- _YOUR GOAL_
From the data below, repeat exactly the lines from the line with "This meticulously renovated" to the line with "Tričko pre gurmána, ktorý", both included.

- _RECORDS PROVIDED_
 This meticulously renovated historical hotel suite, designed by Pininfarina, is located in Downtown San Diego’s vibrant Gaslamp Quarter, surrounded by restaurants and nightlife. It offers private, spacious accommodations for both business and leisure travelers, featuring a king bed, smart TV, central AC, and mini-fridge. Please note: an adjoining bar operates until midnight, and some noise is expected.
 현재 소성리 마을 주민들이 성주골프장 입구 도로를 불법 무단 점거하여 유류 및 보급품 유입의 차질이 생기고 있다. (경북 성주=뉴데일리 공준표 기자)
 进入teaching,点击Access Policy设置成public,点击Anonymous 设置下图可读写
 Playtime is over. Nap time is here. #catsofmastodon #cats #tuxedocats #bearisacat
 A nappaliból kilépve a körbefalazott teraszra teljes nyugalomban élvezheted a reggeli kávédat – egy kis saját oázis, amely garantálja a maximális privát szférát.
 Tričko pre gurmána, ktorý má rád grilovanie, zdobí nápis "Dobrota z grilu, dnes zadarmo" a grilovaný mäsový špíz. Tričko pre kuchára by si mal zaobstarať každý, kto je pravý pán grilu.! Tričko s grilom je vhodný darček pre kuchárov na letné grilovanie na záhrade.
...
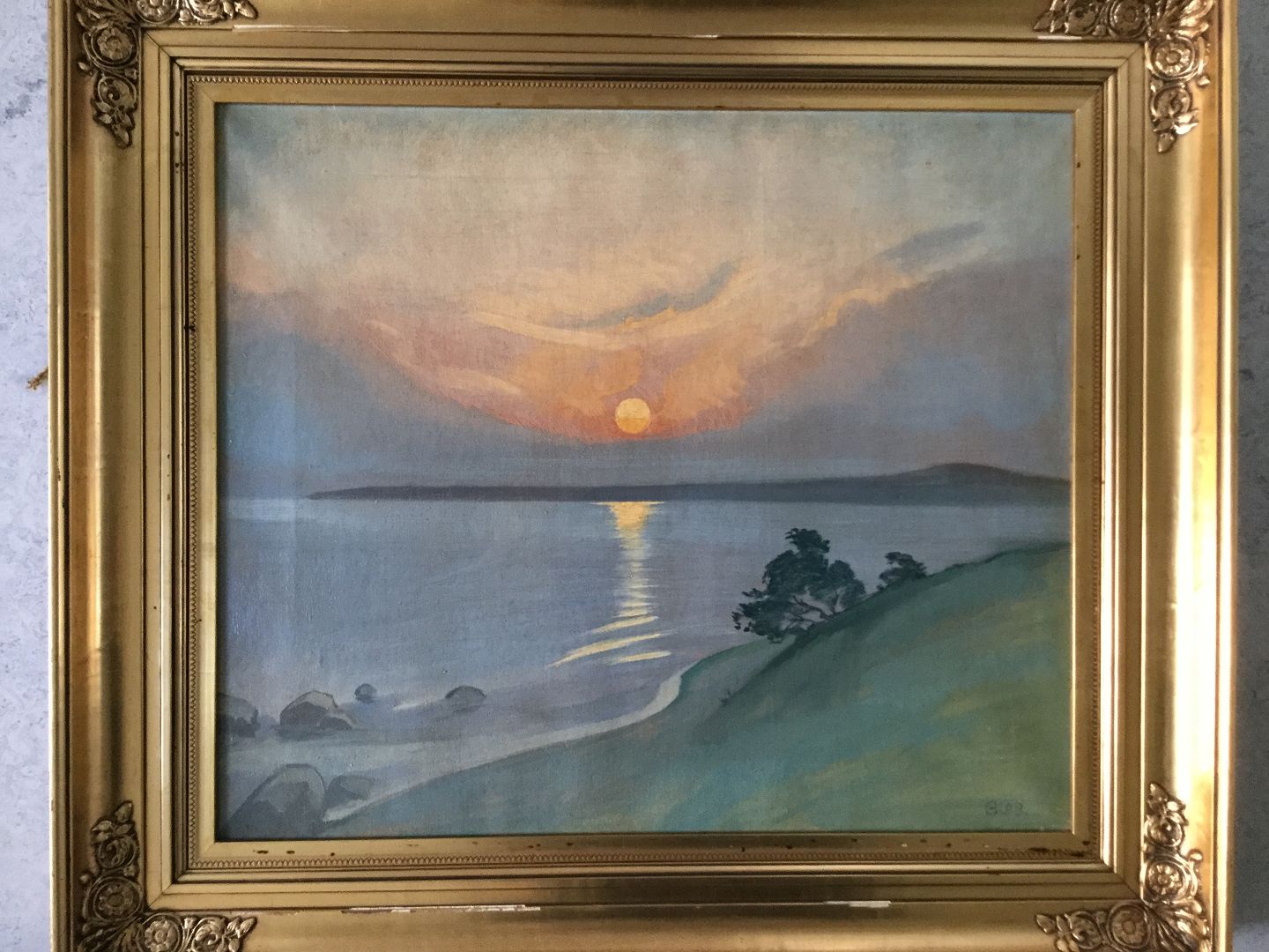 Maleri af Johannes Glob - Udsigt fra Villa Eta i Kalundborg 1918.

- _OUTPUT OF THE TASK_
 This meticulously renovated historical hotel suite, designed by Pininfarina, is located in Downtown San Diego’s vibrant Gaslamp Quarter, surrounded by restaurants and nightlife. It offers private, spacious accommodations for both business and leisure travelers, featuring a king bed, smart TV, central AC, and mini-fridge. Please note: an adjoining bar operates until midnight, and some noise is expected.
 현재 소성리 마을 주민들이 성주골프장 입구 도로를 불법 무단 점거하여 유류 및 보급품 유입의 차질이 생기고 있다. (경북 성주=뉴데일리 공준표 기자)
 进入teaching,点击Access Policy设置成public,点击Anonymous 设置下图可读写
 Playtime is over. Nap time is here. #catsofmastodon #cats #tuxedocats #bearisacat
 A nappaliból kilépve a körbefalazott teraszra teljes nyugalomban élvezheted a reggeli kávédat – egy kis saját oázis, amely garantálja a maximális privát szférát.
 Tričko pre gurmána, ktorý má rád grilovanie, zdobí nápis "Dobrota z grilu, dnes zadarmo" a grilovaný mäsový špíz. Tričko pre kuchára by si mal zaobstarať každý, kto je pravý pán grilu.! Tričko s grilom je vhodný darček pre kuchárov na letné grilovanie na záhrade.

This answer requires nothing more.